What information can shareholders receive in the Baltics?
Information on the company is essential to shareholders in order to exercise their rights, such as the right to sell shares, to vote at the shareholders' meetings or to bring suits against the company's management in a reasonable way. The courts consider the infringement of the shareholder's right to information as one of the gravest infringements of the shareholder's legal rights.
Lithuanian, Latvian and Estonian laws provide shareholders of a private limited liability company (hereinafter 's the "company") with the right to access different information about the company. However, the extent of this right differs in each Baltic state.
Unlike Latvian and Estonian legislation, Lithuanian laws treat minority shareholders and major shareholders differently in respects to their right to information. Only the holder of more than half of the company's share capital is entitled to access all information on the company in Lithuania. Several shareholders jointly holding more than half of the company's share capital, may also enjoy the same right. Further, the company's articles of association may provide for the smaller shareholding needed in order to get all information on the company. Other shareholders have access only to corporate information explicitly listed in the laws, which, to a large extent, is public.
According to court practice, in exceptional cases the managing bodies of a Lithuanian company may refuse information to a shareholder if there is reasonable suspicion that the disclosure of certain information could harm the company's interests.
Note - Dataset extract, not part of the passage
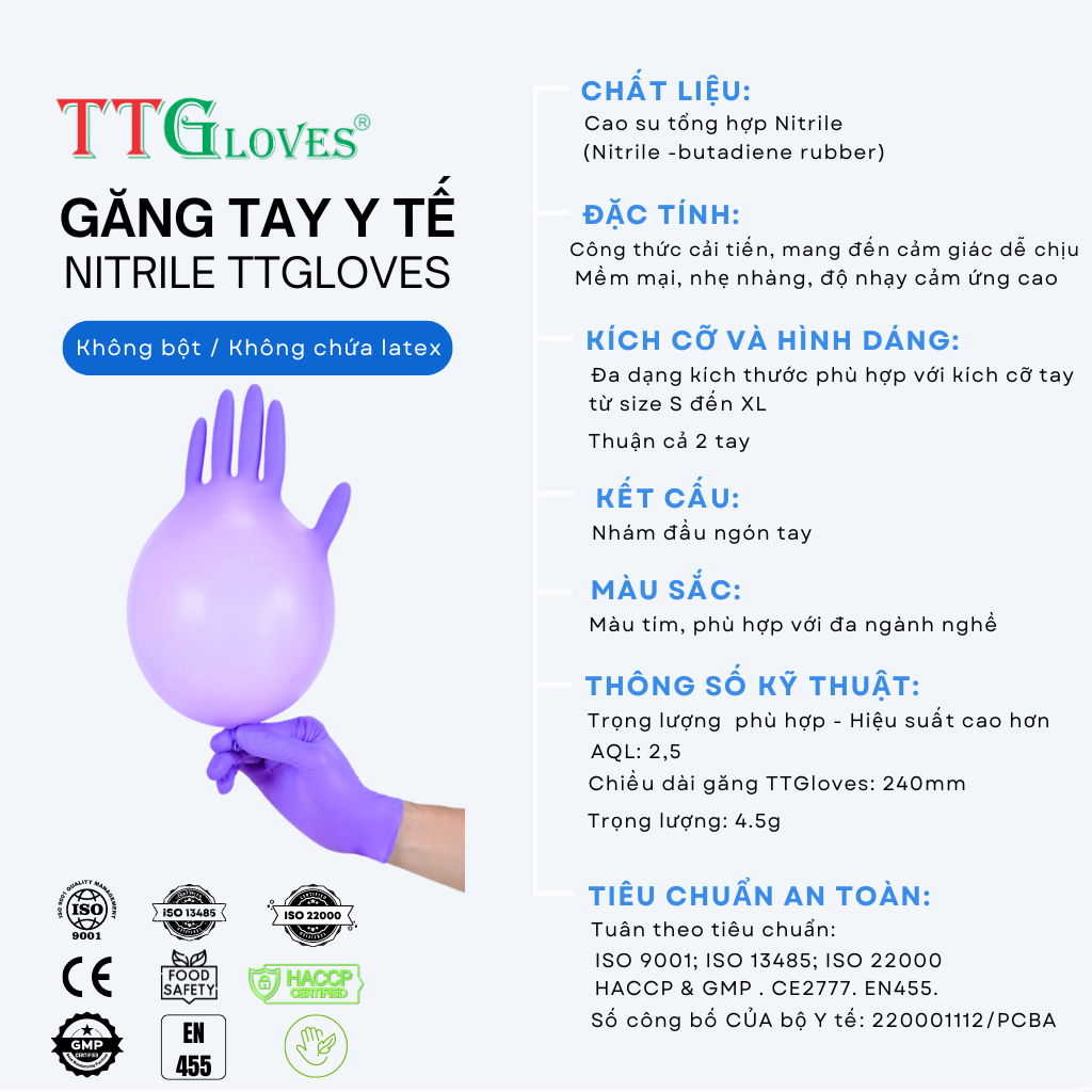 Mua tại TiktokGăng Tay Cao Su Y Tế Size L Không Bột Nitrile TTGLOVES Màu Tím (100 Chiếc) TTGLoves là thương hiệu găng tay của công ty TNHH Sản Xuất & Thương Mại Toàn Tâm Gloves. Sản phẩm găng tay y tế Nitrile của TTGloves đã khắc phục những hạn chế của găng tay Latex, mang lại sự dẻo dai, đàn hồi và thoải mái tuyệt vời cho người dùng. Hãy trải nghiệm và cảm nhận sự khác biệt mà chúng tôi mang lại. THÔNG TIN SẢN PHẨM

Latvian and Estonian laws do not establish any limitations to the shareholders' right to receive such information. However in certain cases, they provide the bodies of the company with the right to set such limitations.
A Latvian company's shareholder meeting may decide to restrict the shareholder's right to information if there is justified suspicion that the latter may use the obtained information in a way contrary to the company's interest, thus causing significant harm to the company, its group companies, or a third person.
In Estonia, the management board of the company is granted the right to refuse the corporate documents and other information to a shareholder in case its provision might cause significant damage to the interests of the company. The threat of "significant damage to the company's interest" is determined individually in each case.
In each of the Baltic states, shareholders are entitled to challenge the court's refusal to provide them with information. It should be noted that, irrespective of any restrictions set to this right, each shareholder, as well as any third person, may receive all information kept in the company's corporate file with the Commercial Register, including articles of association, annual reports, etc.
Information on the company may sometimes include commercial secrets. The shareholders of Lithuanian companies, who have access to all company information, must sign the confidentiality undertaking prior to obtaining information, which is not accessible to other shareholders.
Latvian and Estonian laws do not provide for specific regulation on the protection of a company's commercial secrets from disclosure. However, the company's management bodies could limit shareholder access to commercial secrets in the same way they could set restrictions on the availability of information in particular cases.
In summary, though shareholders in all three Baltic states have the right to receive information about a company, Lithuanian laws set certain statutory restrictions on this right, whereas Latvian and Estonian laws leave the possibility to limit this right within the competence of the company's management bodies.